13% confident · fallback triggered

That's a good question, and honestly I don't have a confident answer from what Sam has written on this so far. I've logged the question and Sam will see it in his review queue…

GraphRAG Path 4 — entity-aware retrieval

Beyond the vector match, each chunk carries metadata tags extracted during indexing: people, companies, roles, years, topics. When a question mentions a specific entity — say, "Nuance" or "Watson" — the retrieval can pre-filter to chunks tagged with that entity before scoring by vector similarity. This is a simplified version of Microsoft Research's GraphRAG approach: the benefit of entity-aware filtering without the cost of building a full knowledge graph.

Why not full GraphRAG with community summaries?

Microsoft's GraphRAG builds a knowledge graph using LLM-generated entity triples and community summaries. It's genuinely better for multi-hop reasoning queries. It also costs $20–80 per reindex for a corpus this size — an LLM call per chunk, twice. I picked the 90%-of-the-value / 5%-of-the-cost version: entity tags per chunk, no graph database, no community summaries.

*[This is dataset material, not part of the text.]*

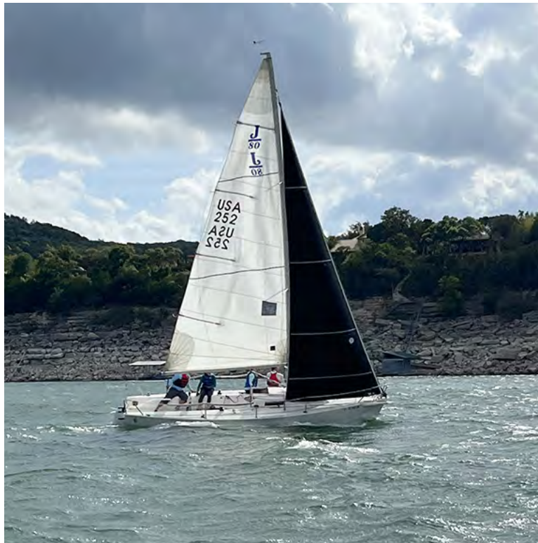
J80 252 Mucho Gusto

If the bot ever gets confused on multi-hop questions (which hasn't happened yet), the clean upgrade path is already scoped.

What's in the corpus

Everything the bot knows comes from one folder of markdown files. 1,130 chunks across five source types, split by a hand-written chunker at ~900 character boundaries.

Medium essays — 120 posts, ~1,000 chunks. Trust tier 2. The source of my voice.
External — press features (Sarasota Magazine), project pages (GrIT, LabOS, Voice Similarity), ~30 chunks. Trust tier 2.
Resume — structured by role, ~12 chunks. Trust tier 1 (7% retrieval boost).
FAQs — curated from visitor telemetry. Trust tier 1. Grows every week.

How I ingest new content

Three scripts handle all ingestion. Each writes markdown with YAML frontmatter into content/, then npm run build-index re-embeds everything and writes a fresh vectors.json. Git commit, push, Netlify deploys.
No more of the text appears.